### DATASET EXTRACT

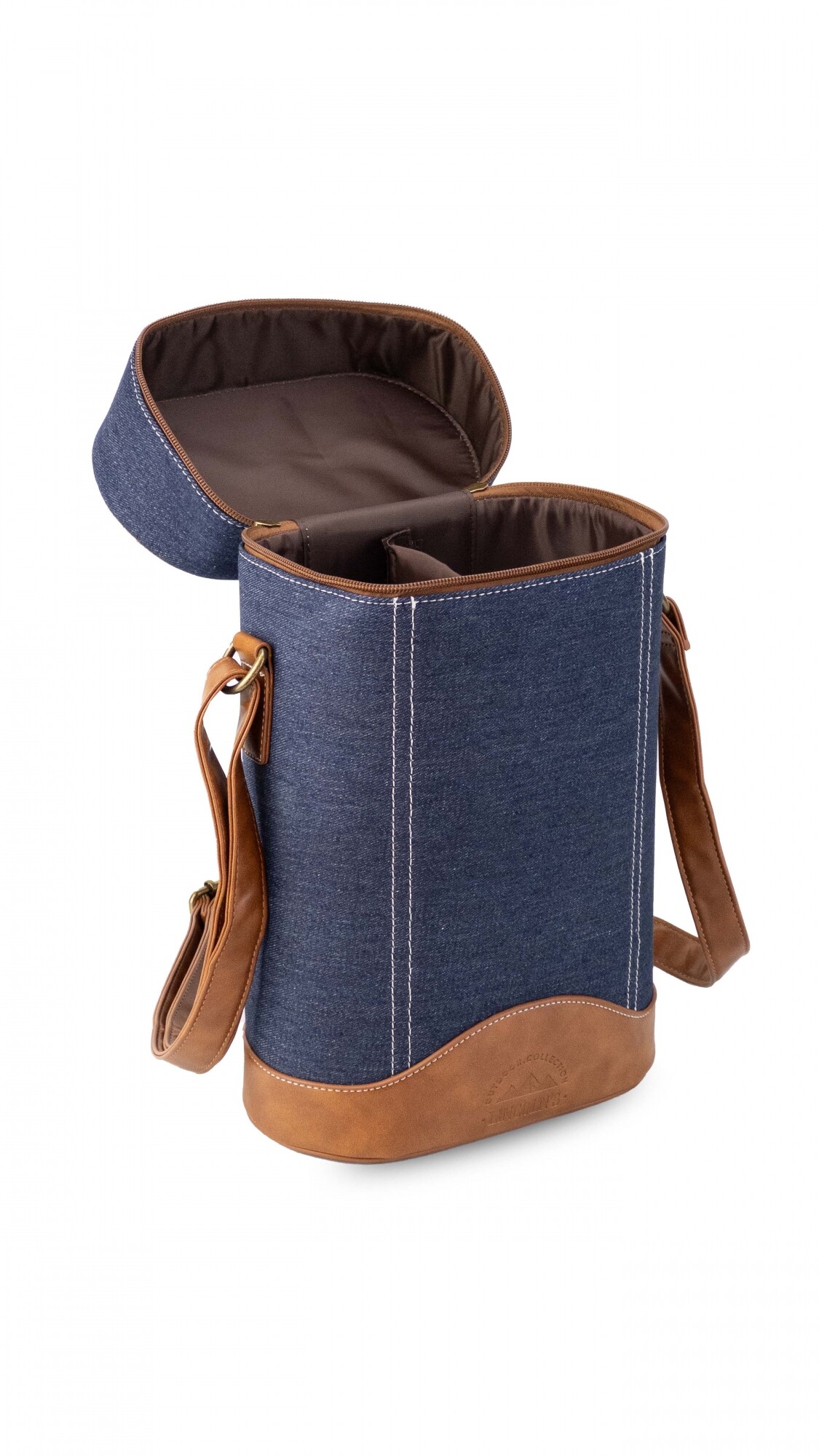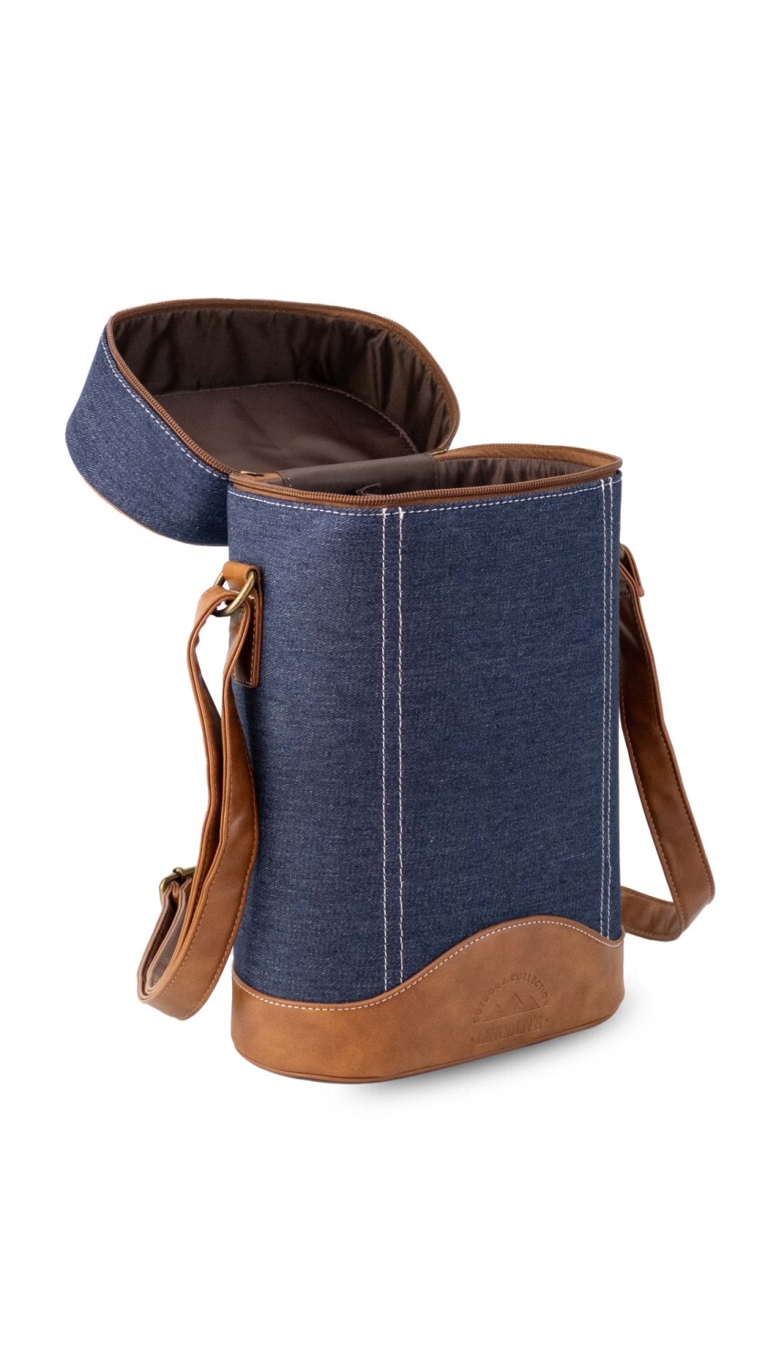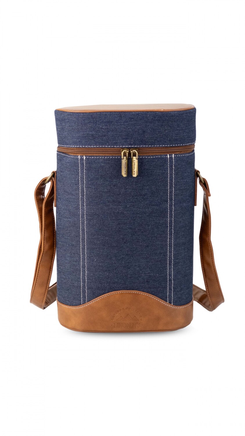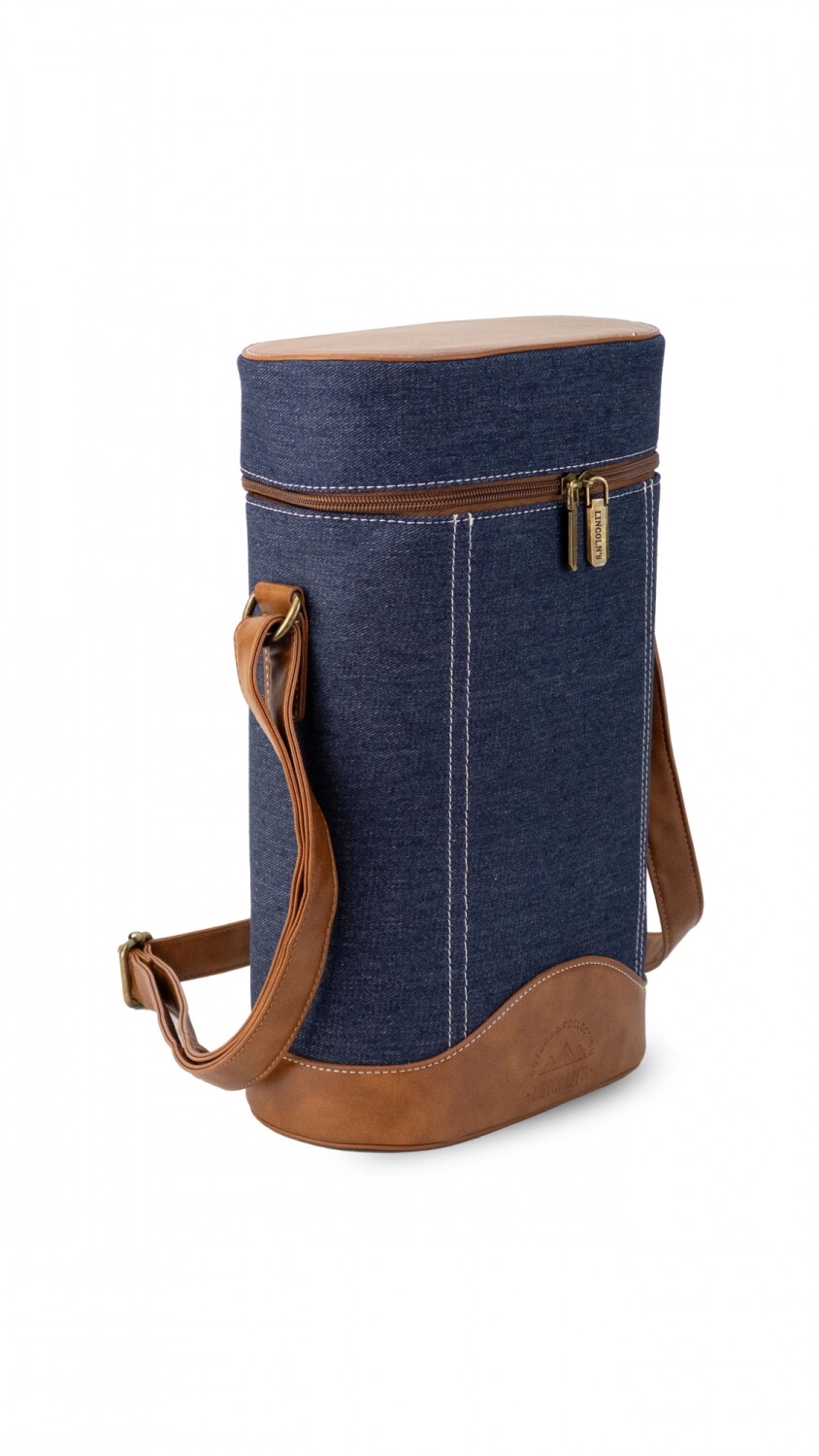 Matera con tapa y cierre combinada en tela y detalle en símil cuero. Cuenta con una división en el medio y una practica correa ajustable para llevar al hombro.
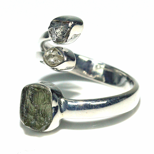 鉄隕石、「モルダバイト」原石、ハーキマーダイヤモンドのレアストーン3石の組み合わせが魅力的なシルバー925製リングです。
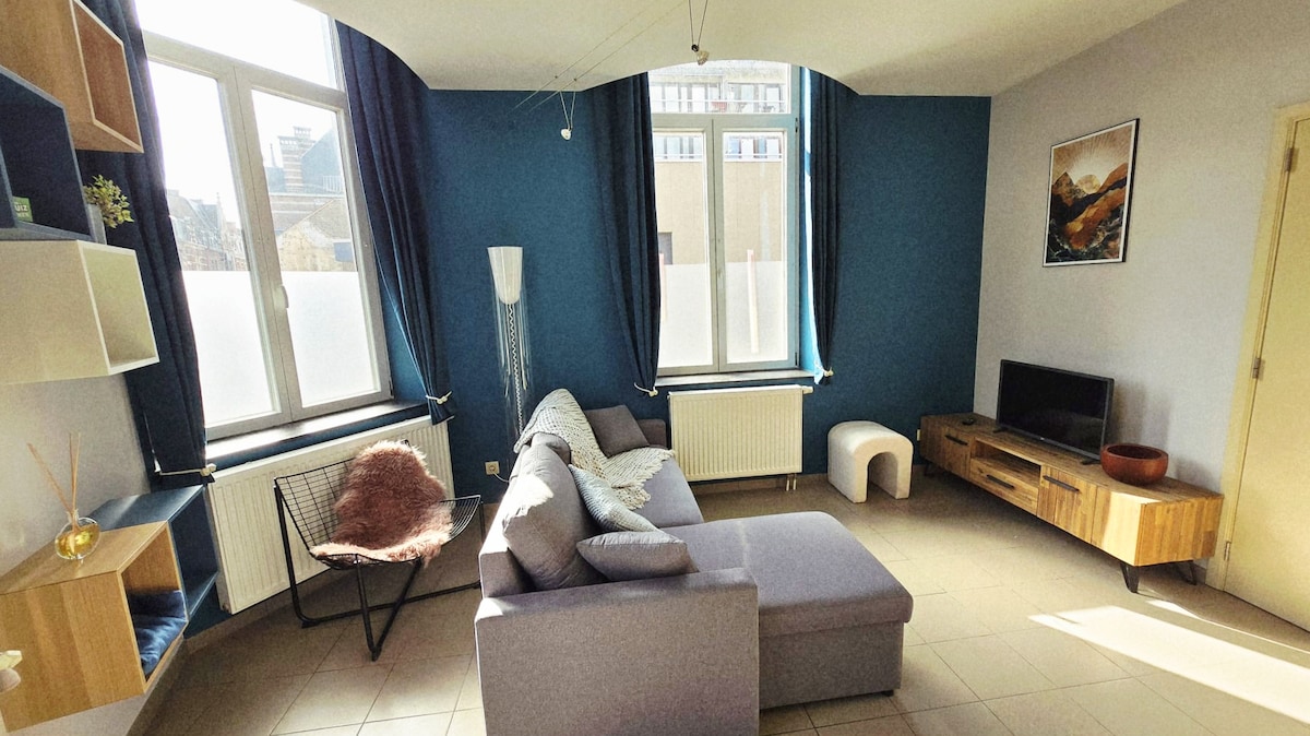 Elegant apartment in the most beautiful area of downtown Liège between the port and boulevard Piercot. The apartment is located next to the Philharmonique and the Conservatoire de Liège. Walking distance to the Opéra Royal de Wallonie and Théâtre de Liège. A short walk away is the stop of the new Liège tram, which is extremely convenient for reaching the entire city center.
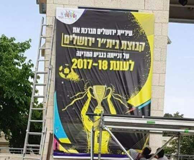 בעיריית ירושלים כבר בטוחים שהם יודעים מי תזכה בגביע המדינה והציבו שלט בהתאם:

######

**WHAT YOU NEED TO DO**
Images are not wanted in the copy. Please print the material above exactly.

**EXERCISE RESPONSE**
 Matera con tapa y cierre combinada en tela y detalle en símil cuero. Cuenta con una división en el medio y una practica correa ajustable para llevar al hombro.
 鉄隕石、「モルダバイト」原石、ハーキマーダイヤモンドのレアストーン3石の組み合わせが魅力的なシルバー925製リングです。
 Elegant apartment in the most beautiful area of downtown Liège between the port and boulevard Piercot. The apartment is located next to the Philharmonique and the Conservatoire de Liège. Walking distance to the Opéra Royal de Wallonie and Théâtre de Liège. A short walk away is the stop of the new Liège tram, which is extremely convenient for reaching the entire city center.
 בעיריית ירושלים כבר בטוחים שהם יודעים מי תזכה בגביע המדינה והציבו שלט בהתאם:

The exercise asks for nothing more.